I just tested it, it could save ~50% time when building constraints, but the time still look quadratically increasing though.

Unfortunately my matrix A is dense and large, but the 3rd dim could be redundant since they are similar. This could be improved.

Similarly, if my x variable is a 3d matrix: x = sdpvar(n,n,m); I can defined a 2d cell array X so that X{i,j} is the same as x(:,i,j)...I guess this could save more time since it reduces redundant subsrefs:ing. But it turns out to be more time consuming..., see the figure below:

untitled.png


I did save time when constructing constr, but I wasted more time when creating the cell array....how to efficiently create a multi-dimensional sdpvar cell array?
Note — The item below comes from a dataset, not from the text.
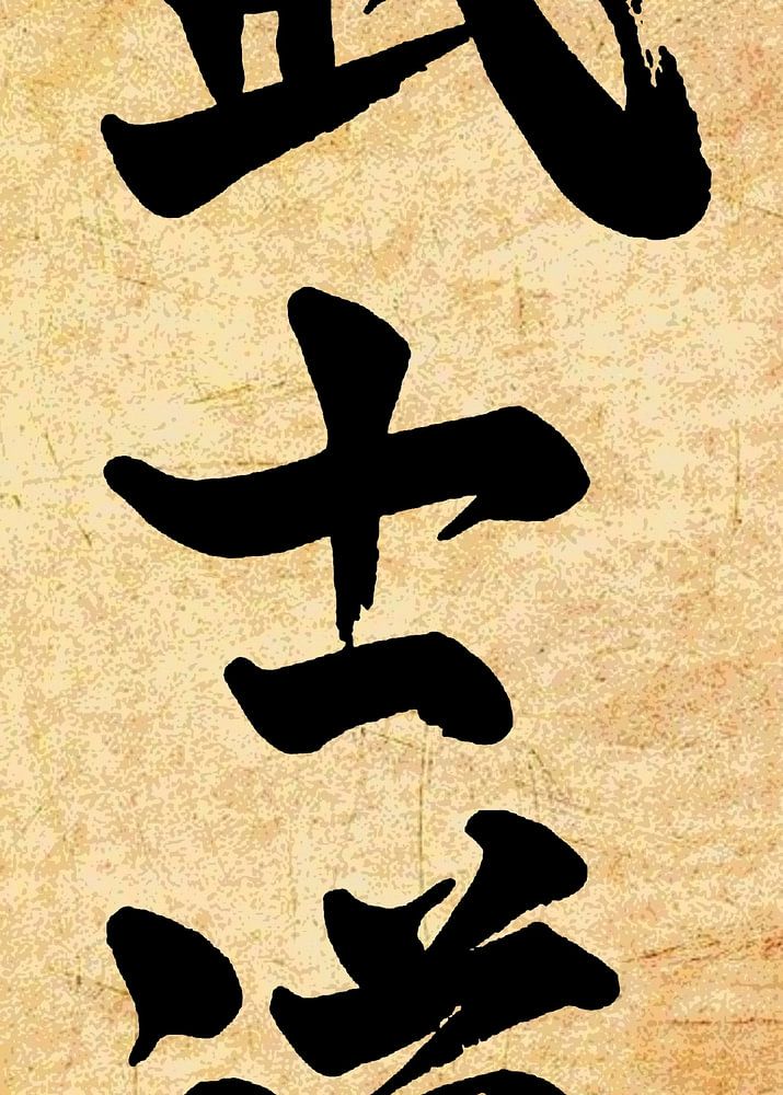 The image showcases three Japanese kanji characters written in bold black ink on a textured, aged parchment background. The characters are arranged vertically, with the top character being the largest and the bottom character being the smallest. The background is a warm, earthy brown with subtle hints of orange and red, giving the image a vintage and traditional feel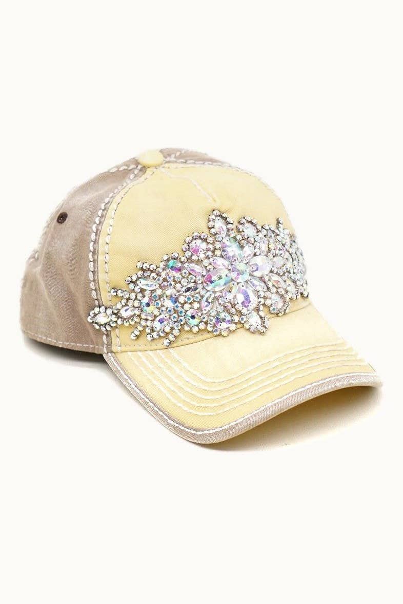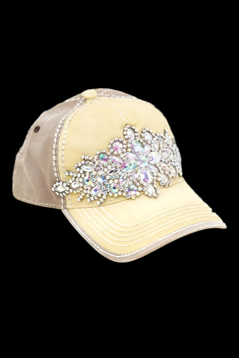Abstract Bejeweled Bling Glitz Two-Toned Cap, Adjustable ~ Yellow

Currently this is what I'm doing:

    x = cell(n,m);
    for i = 1:n
        x(i,:) = sdpvar( n*ones(1,m), ones(1,m) );
    end







test_var.m

Johan Löfberg

unread,
Nov 21, 2018, 11:47:08 AM11/21/18
to YALMIP
to get a matrix cell, I would just reshape

reshape(sdpvar([5 5 5 5],[3 3 3 3]),2,2)

However, which version which is fastest on all these things unfortunately depends on matlab version and operating system. In some versions, I've seen strange performance issues in cell manipulations

Johan Löfberg

unread,
Nov 21, 2018, 11:49:53 AM11/21/18
to YALMIP
and I don't see any way to get rid of quadratic complexity, because thats what you have. Simply consider the case of computing A*x-b n times for numerical data, where A has size A n*m. That's O(n^2). And here it has to be done symbolically using the full basis of x (which is a sparse matrix of size n*n) etc

XB G

unread,
Nov 21, 2018, 2:00:00 PM11/21/18
to YALMIP
You are right, the quadratic complexity is built-in, I will always have time complexity like alpha*n^2.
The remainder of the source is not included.